- Genre: Fantasy Comedy
- Voices of: Charlie Adler Roger C. Carmel Nancy Cartwright Pat Fraley Mona Marshall Don Messick Hal Rayle Susan Silo Russi Taylor Frank Welker Katie Leigh
- Composer: Robert J. Walsh
- Country of origin: United States
- Original language: English
- No. of series: 1
- No. of episodes: 26 (+1 special)

Production
- Production companies: Hasbro Sunbow Productions Marvel Productions Toei Animation

Original release
- Network: Syndication
- Release: September 23, 1986 – March 17, 1987

= The Glo Friends =

American television series

The Glo Friends is an American animated television series that originally aired in 1986 as a segment of My Little Pony 'n Friends. Produced by Sunbow Productions and Marvel Productions in collaboration with Toei Animation, the 26 segments of Glo Friends played in rotation as a secondary series, alternating with MoonDreamers and Potato Head Kids. Glow Friends was later broadcast on the CBN Family Channel from 1989 to 1995 as part of the My Little Pony rebroadcast.

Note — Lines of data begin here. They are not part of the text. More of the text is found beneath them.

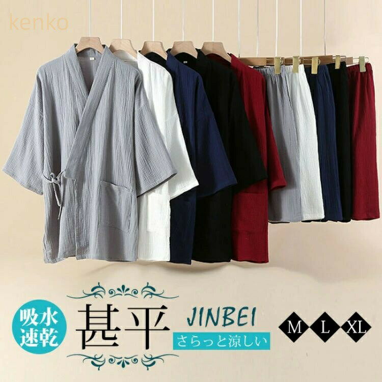 (半袖長袖)2タイプ選べる オールシーズンに使えるすっきりとした薄手の生地は軽く風通しもよく、サラリとした肌触りが気持ちのいいパジャマです。実際に旅館やホテルなどで使用されているお洒落ナ甚平風パジャマ。お風呂上がりや部屋着のリラックスウェアとしてご家庭でもいかがでしょうか。サイズS M L XL 2XLサイズについての説明S 着丈90 バスト90 肩幅32 袖丈40 お勧め身長150-160CM お勧め体重40-55KGM 着丈92 バスト96 肩幅36 袖丈42 お勧め身長160-165CM お勧め体重55-65KGL 着丈102 バスト112 肩幅43 袖丈44 お勧め身長165-175CM お勧め体重65-75KGXL着丈105 バスト116 肩幅46 袖丈46 お勧め身長175-180CM お勧め体重75-85KG2XL着丈109 バスト120 肩幅49 袖丈49 お勧め身長180-190CM お勧め体重85-100KG素材ポリエステル色ホワイト(半袖女) ホワイト(半袖男) ブルー(半袖女) ブルー(半袖男) ネイビー(半袖女) ネイビー(半袖男) グレー(半袖女) グレー(半袖男) ピンク(半袖女) ピンク(長袖女) ホワイト(長袖女) ホワイト(長袖男) ブルー(長袖女) ブルー(長袖男) グレー(長袖女) グレー(長袖男) ネイビー(長袖女) ネイビー(長袖男)備考サイズ詳細等の測り方はスタッフ間で統一、徹底はしておりますが、実寸は商品によって若干の誤差(1cm〜3cm )がある場合がございますので、予めご了承ください。製造ロットにより、細部形状の違いや、同色でも色味に多少の誤差が生じます。パッケージは改良のため予告なく仕様を変更する場合があります。▼商品の色は、撮影時の光や、お客様のモニターの色具合などにより、実際の商品と異なる場合がございます。あらかじめ、ご了承ください。▼生地の特性上、やや匂いが強く感じられるものもございます。数日のご使用や陰干しなどで気になる匂いはほとんど感じられなくなります。▼同じ商品でも生産時期により形やサイズ、カラーに多少の誤差が生じる場合もございます。▼出荷前に全て検品を行っておりますが、万が一商品に不具合があった場合は、お問い合わせフォームまたはメールよりご連絡頂けます様お願い申し上げます。速やかに対応致しますのでご安心ください。和風 パジャマ メンズ 甚平 男性 寝 レディース ナイトウェア ルームウェア バスローブ 続々登場 ホワイト(半袖女) ホワイト(半袖男) ブルー(半袖女) ブルー(半袖男) ネイビー(半袖女) ネイビー(半袖男) グレー(半袖女) グレー(半袖男) ピンク(半袖女) ピンク(長袖女) ホワイト(長袖女) ホワイト(長袖男) ブルー(長袖女) ブルー(長袖男) グレー(長袖女) グレー(長袖男) ネイビー(長袖女) ネイビー(長袖男) S M L XL 2XL
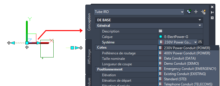 Les systèmes permettent de simplifier le respect des normes du projet à l'échelle de l'ensemble des dessins. Vous pouvez modifier la désignation du système des différents points de connexion. Pour plus d'informations, reportez-vous à la rubrique Utilisation de systèmes.
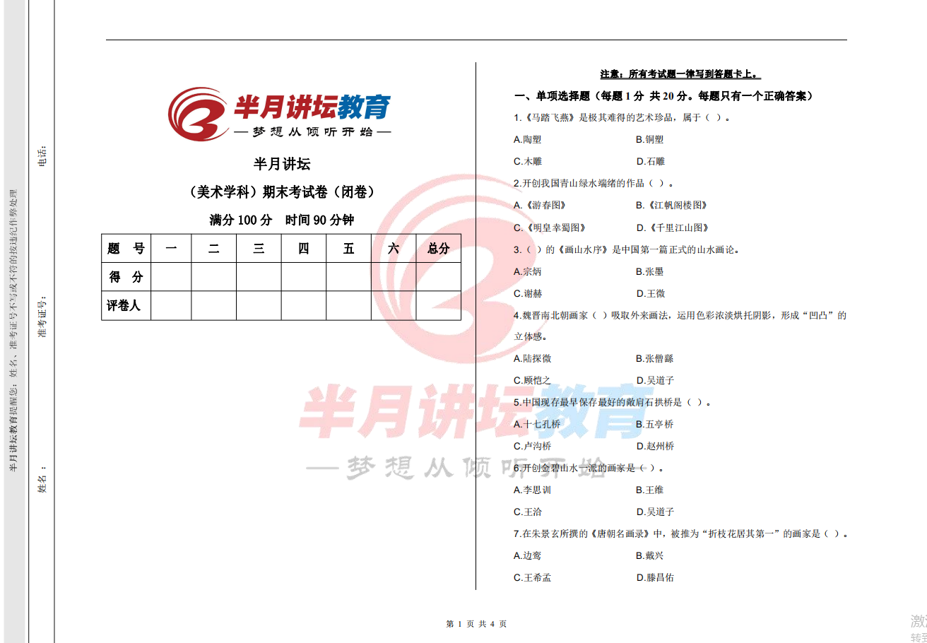 首先,我们来看一下美术试卷的占比情况,以100分的美术试卷为例:
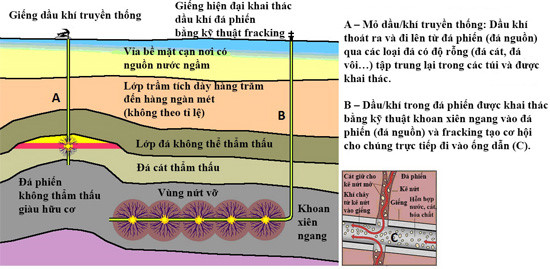 Trong các kiểu khai thác truyền thống, dầu khí được hình thành trong đá phiến (shale), đây là nhóm đá tạo thành trong ao hồ, đầm lầy, nền biển cạn… chứa nhiều vật liệu hữu cơ như rong tảo, mảnh vụn thực vật. Trong những điều kiện bị vùi lấp nhanh chóng và môi trường yếm khí sâu bên dưới, chúng sẽ chuyển hóa dần thành dầu và khí. Sau khi hình thành trong nhóm đá phiến, hay còn gọi là đá nguồn, với một tỷ trọng thấp hơn tỷ trọng các nhóm đá chung quanh, các phân tử dầu khí có khuynh hướng thoát ra khỏi đá nguồn và di chuyển lên trên về phía mặt ngoài vỏ đất qua các khe hở li ti của các nhóm đá có đặc tính thẩm thấu phía bên trên (đá cát, đá vôi…) hay còn gọi là đá chứa. Sự di chuyển lên trên của dầu khí sẽ bị chặn lại khi chúng gặp một nhóm đá không thẩm thấu (đá phiến, đá muối…) và dần dà tập trung nhiều hơn tại nơi đây, tạo thành các túi dầu khí với những cấu trúc khác nhau. Đây chính là nơi các mũi khoan nhắm đến để thu hoạch nguồn “vàng đen” từ thiên nhiên.
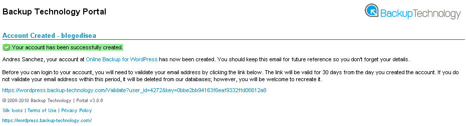 Ahora nos hacemos una cuenta en la página https://wordpress.backup-technology.com/Create_Account
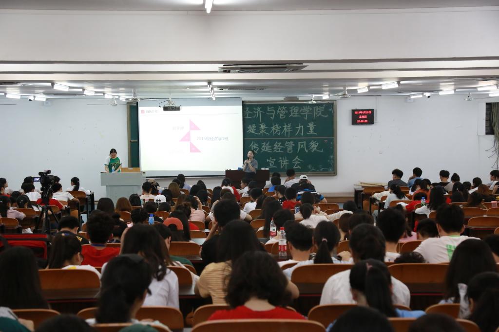 本次宣讲从3月29日开始,持续一月,实现了学生的全覆盖宣讲,重点开展了三项工作。一是积极培育、深入挖掘先进典型。学院结合实际,选树学院三好学生、优秀学生党员和优秀学生干部、文明大学生、先进班集体和文明寝室等方面的先进典型,组建学院“凝聚榜样力量,传延经管风貌”宣讲团。二是广泛组织、持续开展示范引领工作。学院积极组织“凝聚榜样力量,传延经管风貌”宣讲团进支部、进课堂、进社团、进宿舍,通过专题宣讲、分组讨论、面对面互动交流、谈体会谈心得等方式,大力开展先进集体说示范,学生党员说引领,学生干部说担当,三好学生说学习,文明学生说事迹“五说”活动,不断增强吸引力,进一步的在院内形成“向先进学习,向榜样靠拢”,比、学、赶、帮、超的良好氛围。三是以推进学院文化建设为核心,全方位多角度立体引领。宣讲活动的开展以推进学院文化建设为主线,不断深化载体,充分发挥微博、微信等新媒体优势,依托学院官网、“青马微信公众平台”、QQ官方微博,设立“文化之声-表彰先进宣讲会”专目,实现先进典型宣传工作常抓常新。同时,学院把先进典型宣传融入“寝室风采大赛”“职业生涯规划大赛”等第二课堂活动,进一步拓宽宣传载体,实现了宣讲与专业活动相结合,增强了感染力和感召力。
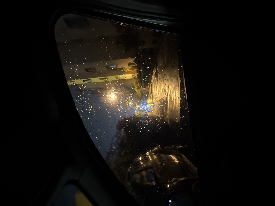 Raindrops cling to a car window, obscuring the view of a building across the street. Lights from a street lamp cast a blurry glow, reflecting off the wet surface. A dark, indistinct shape in the foreground suggests part of the car's interior. The rest of the scene is enveloped in darkness, emphasizing the wet and obscured view through the glass.

The television series was preceded by the Glo Friends toyline: small glow-in-the-dark toys in the shape of insects and other small creatures. The toys were adapted from the original Glo Worm introduced in 1982 by the Playskool division of Hasbro. A line of books from Ladybird Books were published to accompany each Glo Friend.

==Premise==
The title protagonists in The Glo Friends are a community of small, glow-in-the-dark bugs that live in Glo Land, a magical kingdom located in the middle of a forest. Their homes are built near the Glo Pond, where the Friends harvest a substance known as Moondrops, which enables their ability to glow in the dark.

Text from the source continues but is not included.